Start of Supplied information

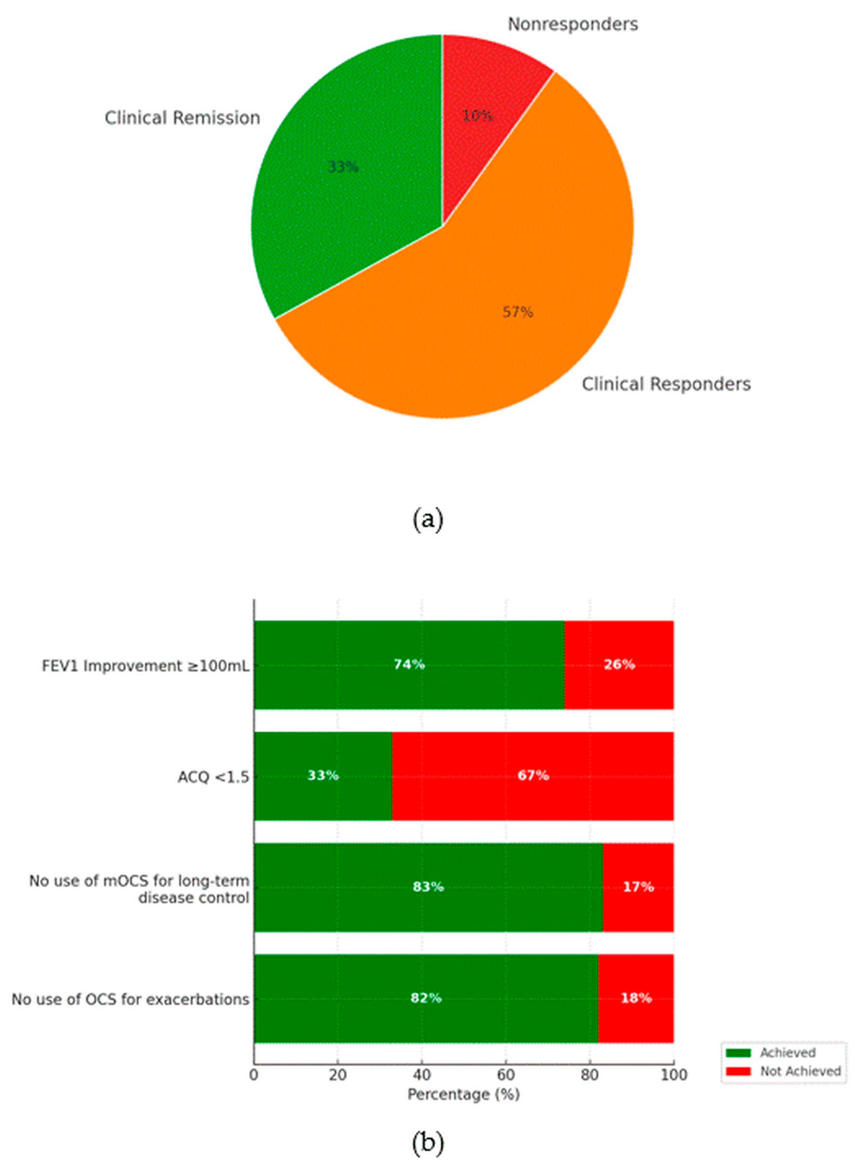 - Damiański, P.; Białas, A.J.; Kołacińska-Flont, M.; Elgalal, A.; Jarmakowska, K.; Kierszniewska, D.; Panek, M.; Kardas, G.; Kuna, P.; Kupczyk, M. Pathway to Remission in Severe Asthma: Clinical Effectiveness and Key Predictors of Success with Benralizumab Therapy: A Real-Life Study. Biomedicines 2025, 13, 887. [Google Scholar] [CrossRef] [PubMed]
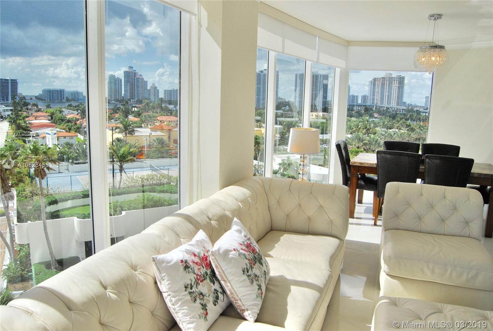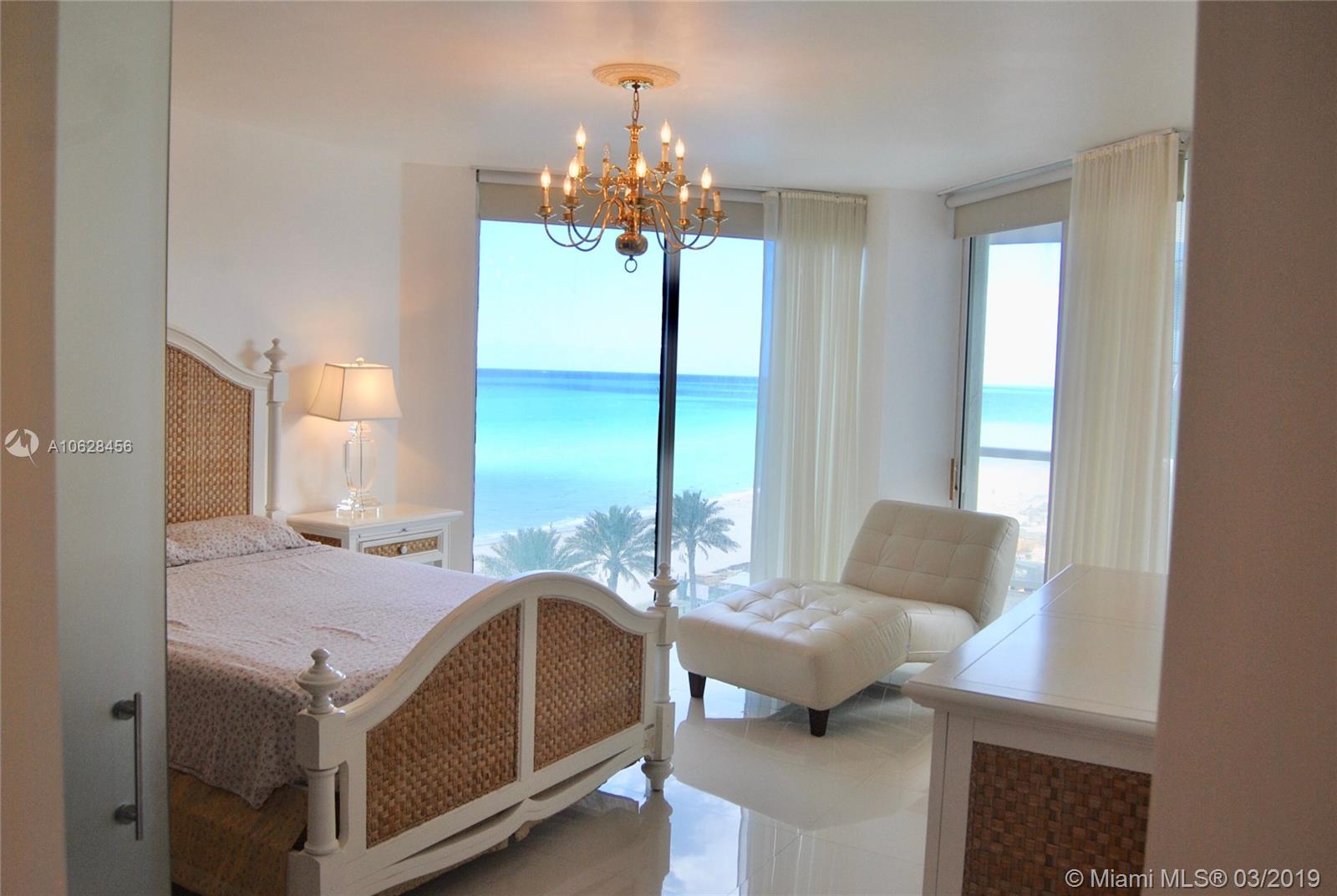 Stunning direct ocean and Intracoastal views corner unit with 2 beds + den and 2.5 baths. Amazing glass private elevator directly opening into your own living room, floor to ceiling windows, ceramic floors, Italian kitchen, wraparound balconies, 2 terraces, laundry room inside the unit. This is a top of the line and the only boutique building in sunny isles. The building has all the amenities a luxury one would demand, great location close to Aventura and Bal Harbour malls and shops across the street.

End of Supplied information
Start of Supplied information

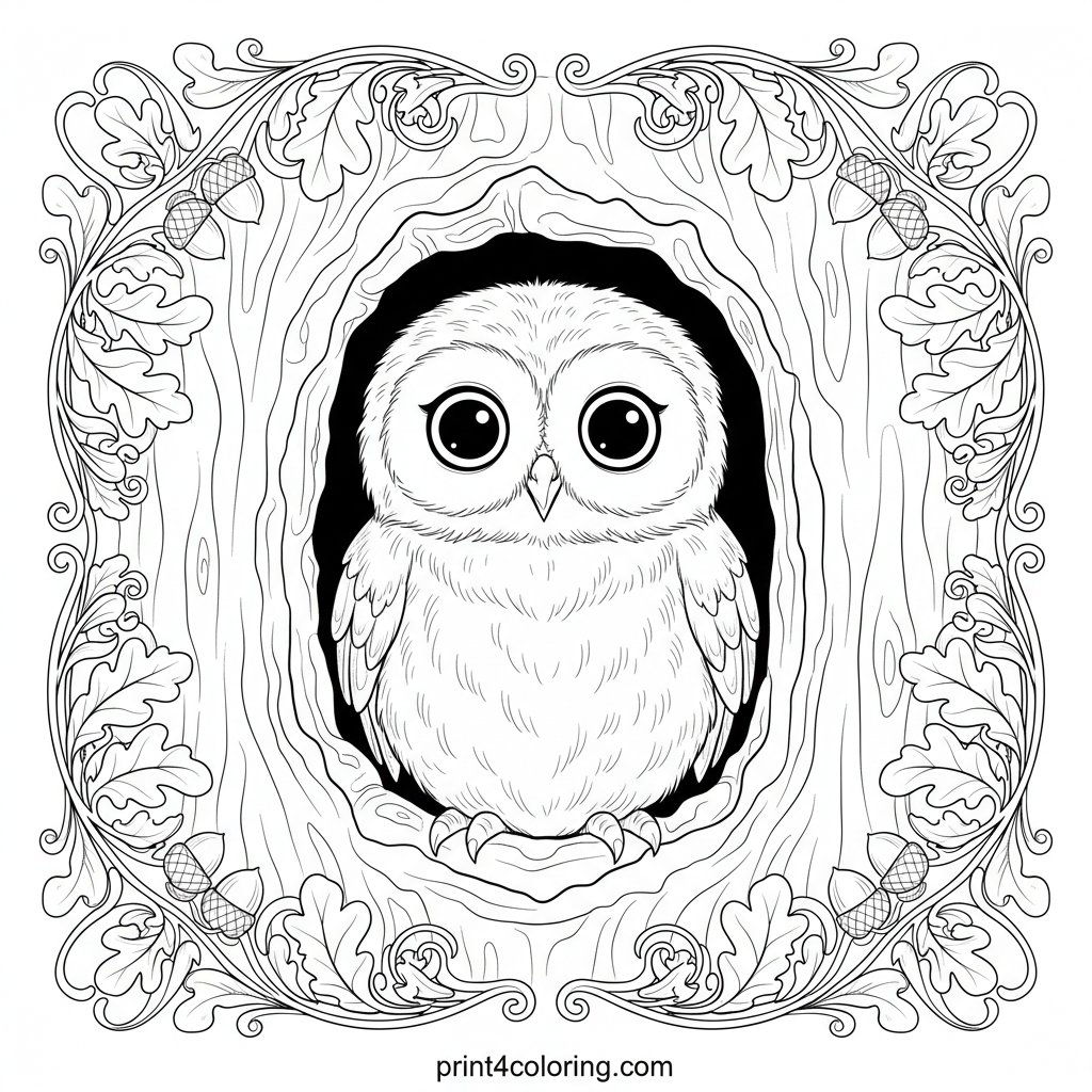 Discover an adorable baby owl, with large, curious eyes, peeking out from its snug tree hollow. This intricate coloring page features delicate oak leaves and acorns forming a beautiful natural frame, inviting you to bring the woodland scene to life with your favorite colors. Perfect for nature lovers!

End of Supplied information
Start of Supplied information

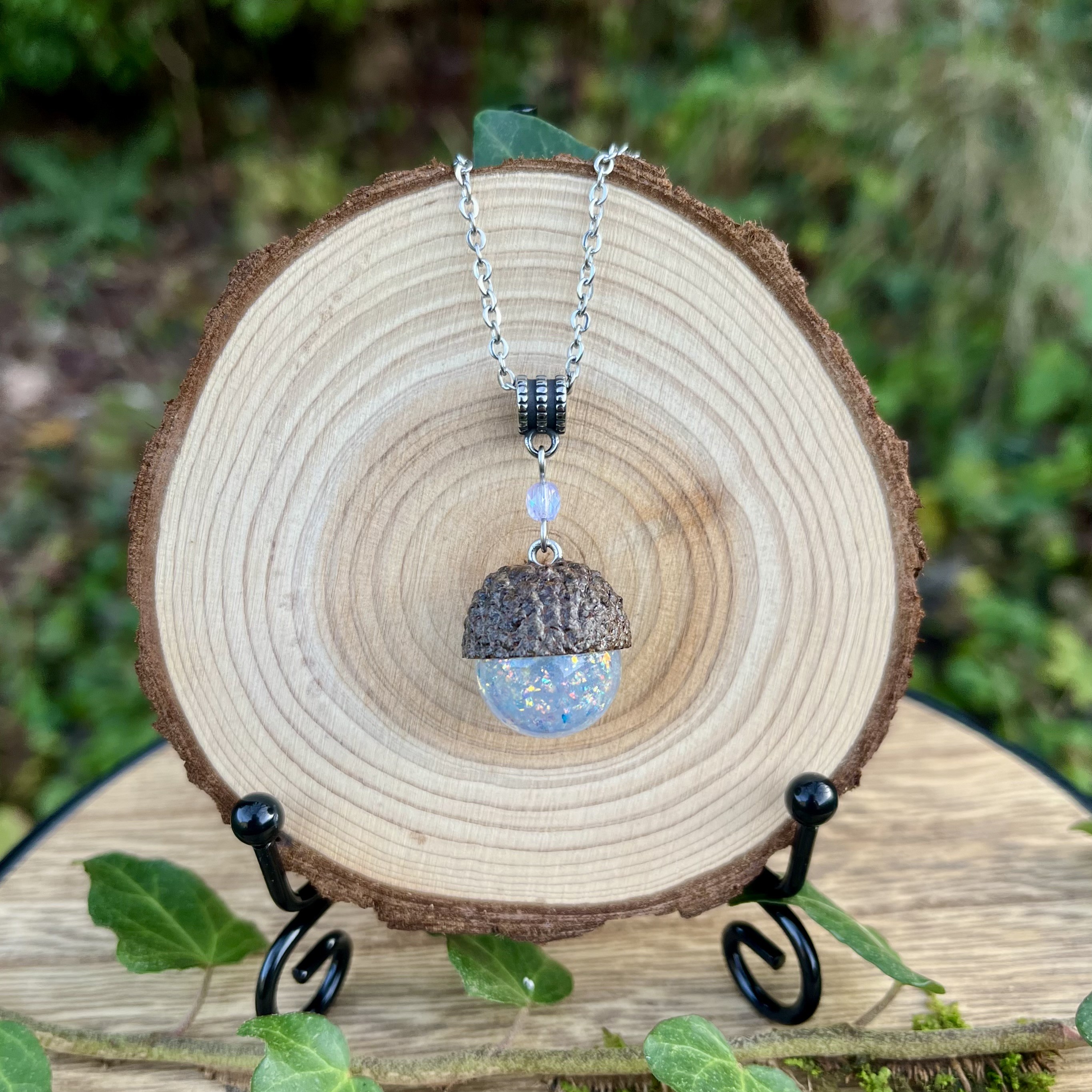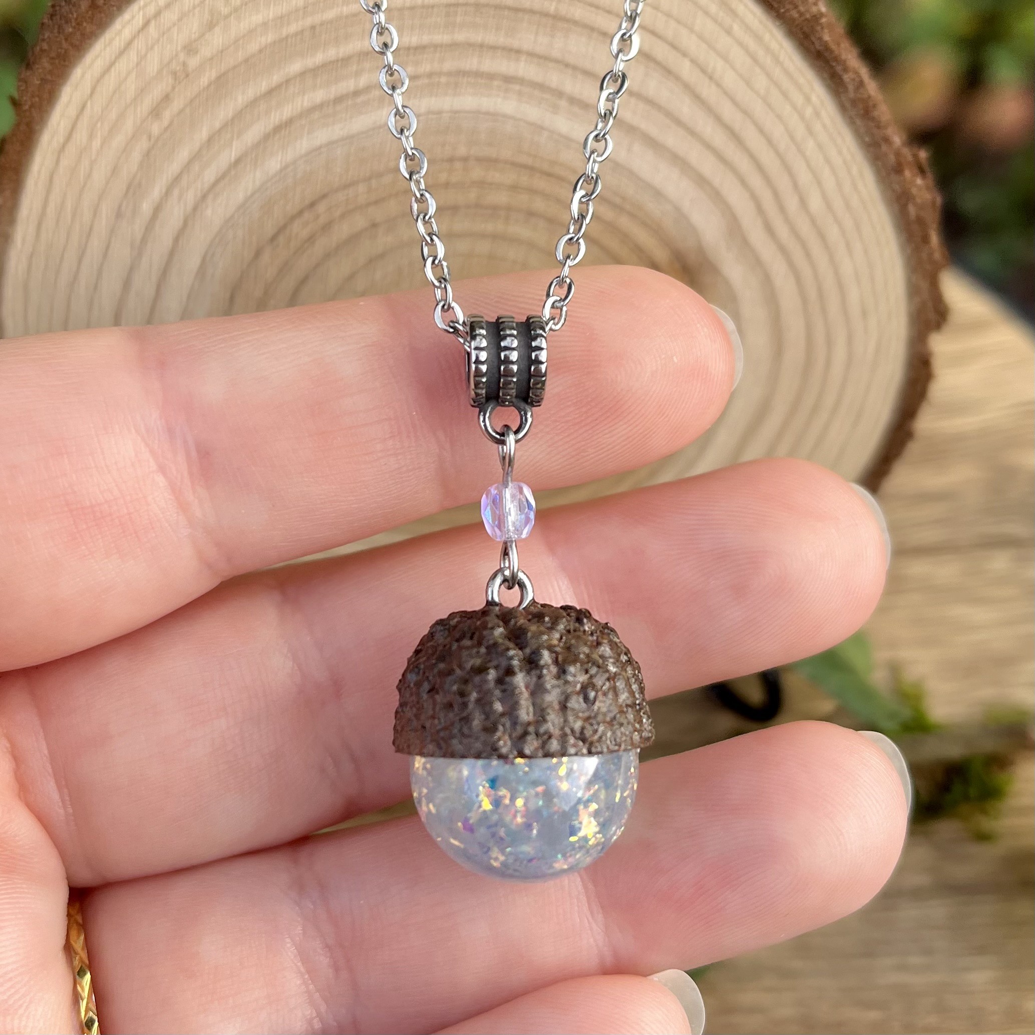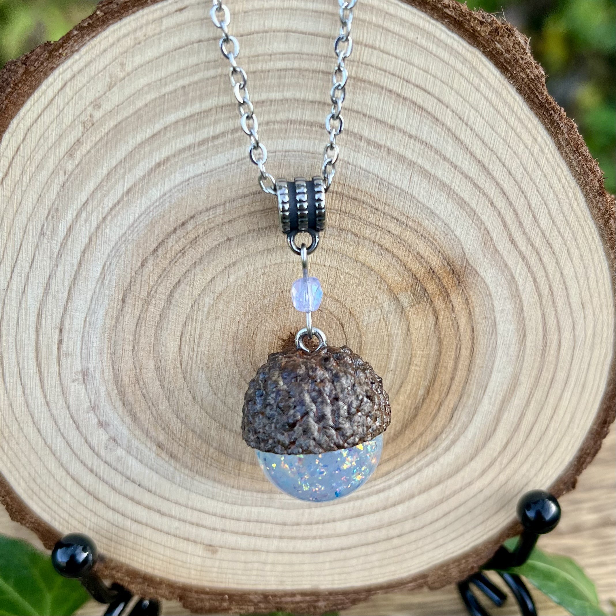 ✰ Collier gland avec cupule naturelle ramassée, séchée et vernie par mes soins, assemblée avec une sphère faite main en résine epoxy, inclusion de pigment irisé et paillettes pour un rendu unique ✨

End of Supplied information

### Exercise:
Whatever pictures the records hold, omit them; give again exactly the lines from the one containing "- Damiański, P.;" through the one containing "Stunning direct ocean".

### Exercise answer:
 - Damiański, P.; Białas, A.J.; Kołacińska-Flont, M.; Elgalal, A.; Jarmakowska, K.; Kierszniewska, D.; Panek, M.; Kardas, G.; Kuna, P.; Kupczyk, M. Pathway to Remission in Severe Asthma: Clinical Effectiveness and Key Predictors of Success with Benralizumab Therapy: A Real-Life Study. Biomedicines 2025, 13, 887. [Google Scholar] [CrossRef] [PubMed]
 Stunning direct ocean and Intracoastal views corner unit with 2 beds + den and 2.5 baths. Amazing glass private elevator directly opening into your own living room, floor to ceiling windows, ceramic floors, Italian kitchen, wraparound balconies, 2 terraces, laundry room inside the unit. This is a top of the line and the only boutique building in sunny isles. The building has all the amenities a luxury one would demand, great location close to Aventura and Bal Harbour malls and shops across the street.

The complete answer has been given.